Students from Hong Kong, Singapore, Taiwan, South Korea and Japan—all from Asia—were right behind.
Students in the wealthy city of Shanghai, where affluent families can afford to pay for tutors, are not representative of China overall, although they are ranked as a group alongside national averages for countries such as the United States and Japan. Still, they are indicative of education trends in China and elsewhere in Asia—societies where test results determine entrance into prestigious universities and often one's eventual career path.
Shanghai scored an average of 613 on math, as compared with the nearest rival Singapore with 573, and the global average of 494. Hong Kong ranked third in math, scoring 561, while Japan was ranked seventh and scored 536. The test is given every three years.
The results have led to hand-wringing elsewhere, including in the United States, where students failed to rank in the top 20 in any category. U.S. Education Secretary Arne Duncan called the results a "picture of educational stagnation."
In China, educators say hard work is a key to their students' impressive showing.
"They listen carefully in the class and do the homework," said Bai Bing, the headmaster of Li's school, where about 40 students were chosen to take the global test. "They respect the teachers, and do exactly the assignments that teachers ask them to do."
"And it is a tradition that the Asians pay more attention to mathematics," Bai said.
In Hong Kong, 16-year-old Rosita Or said extra tutorials can extend her school days to 8 p.m.—but she does credit them with improving her math grades in school.
"Everyone is taking them—my friends, other students are taking the tutorial class. If I do not take this tutorial class, I feel like I have missed something," Or said.
Still, Chinese educational experts are taking a more somber view in the face of the stellar achievements by their students, saying the results are at most partial and covering up shortcomings in creating well-rounded, critical thinking individuals.
"This should not be considered a pride for us, because overall it still measures one's test-taking ability. You can have the best answer for a theoretical model, but can you build a factory on a test paper?" asked Xiong Bingqi, a Shanghai-based scholar on education.
"The biggest criticism is that China's education has sacrificed everything else for test scores, such as life skills, character building, mental health, and physical health," Xiong said.
Even the party-run People's Daily noted the burden on Shanghai students. "While many countries have been urged to increase more study time and more homework for their students, Shanghai clearly needs some alleviation," the editorial reads.
Japan's education minister, Hakubun Shimomura, pointed to the test results as evidence of success in reforms aimed at reducing class sizes—despite continued criticism of the pressure-filled university entrance examination system. Many Japanese students also attend cram schools to get an extra edge.
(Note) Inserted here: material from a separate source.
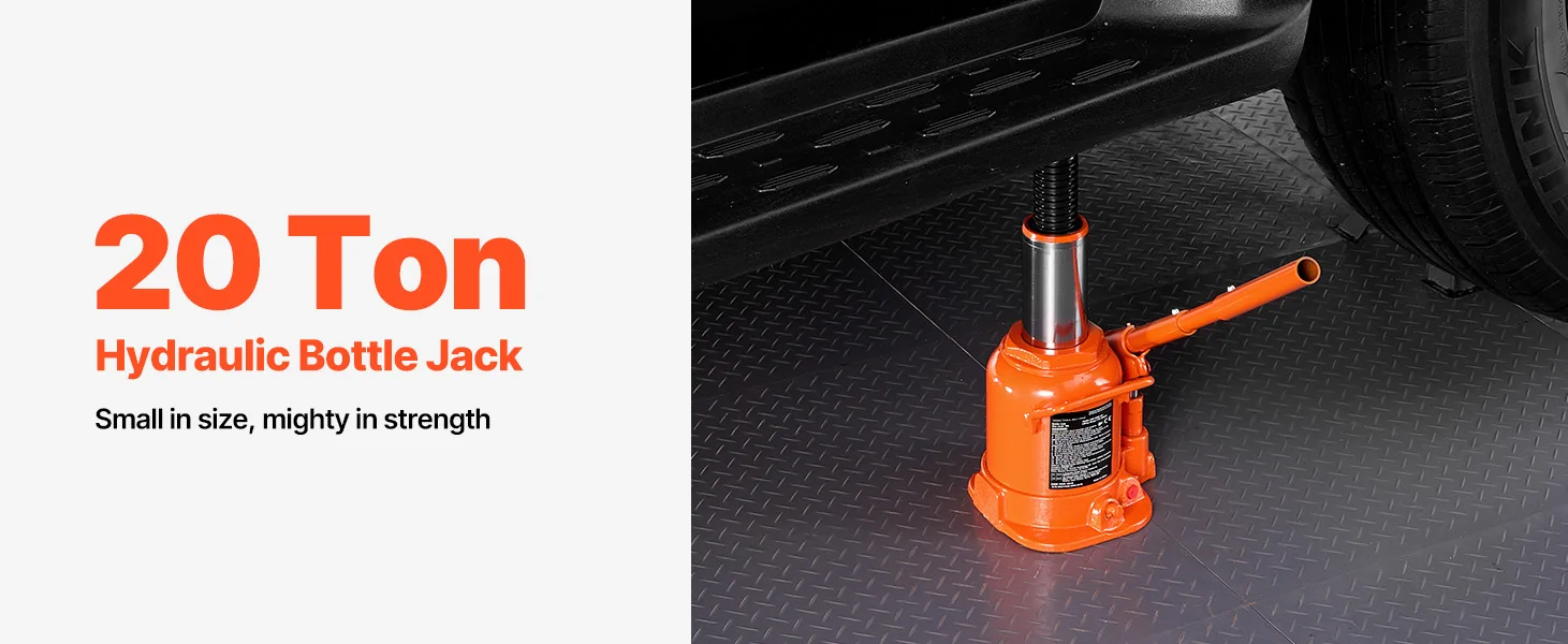 Powerful Load Capacity: Our hydraulic bottle jack supports up to 20 tons, easily lifting various vehicles like pickups, trucks, and SUVs for tire changes, part repairs, and more. Ideal for heavy-duty jobs, this welded hydraulic car bottle jack handles large loads with ease.

"Asian countries do better than European and American schools because we are 'examination hell' countries," said Koji Kato, a professor emeritus of education at Tokyo's Sophia University. "There is more pressure to teach to the test. In my experience in working with teachers the situation is becoming worse and worse."
In China, where educational inequity is deeply entrenched, Shanghai has become an oasis of high standards and generous government support. The city invests four times the national average per student.
Affluent Shanghai parents annually spend an average of 6,000 yuan ($1,000) on English and math tutors and 9,600 yuan ($1,600) on weekend lessons, Jiang has written.
Ironically, many Chinese parents—especially those with means and bemoaning the pressure their children must endure in local schools—are increasingly sending their children overseas for what they consider a more well-rounded education.
In an analysis by the Shanghai Academy of Educational Sciences, it said Shanghai students ranked the first globally in time spent on homework. On average, they spent 13.8 hours on school-assigned homework every week, far above the international average of seven hours.
Zhang Minxuan, president of Shanghai Normal University, said homework is crucial to one's learning, although its effectiveness plateaus after 11 hours per week, according to Shanghai Education News, a web site by the Shanghai Education Commission. Zhang, who oversaw the PISA administration in Shanghai, said PISA does not measure students' social abilities, physical health and aesthetics, and he cautioned against extrapolating to the rest of the country.
"Shanghai is one of the most prosperous Chinese cities and one of the cities with balanced education. Shanghai students' top placement in PISA is no proof of equal development of education in China," he said, as reported by Shanghai Education News. "With no denying, China's education still has a long way to go."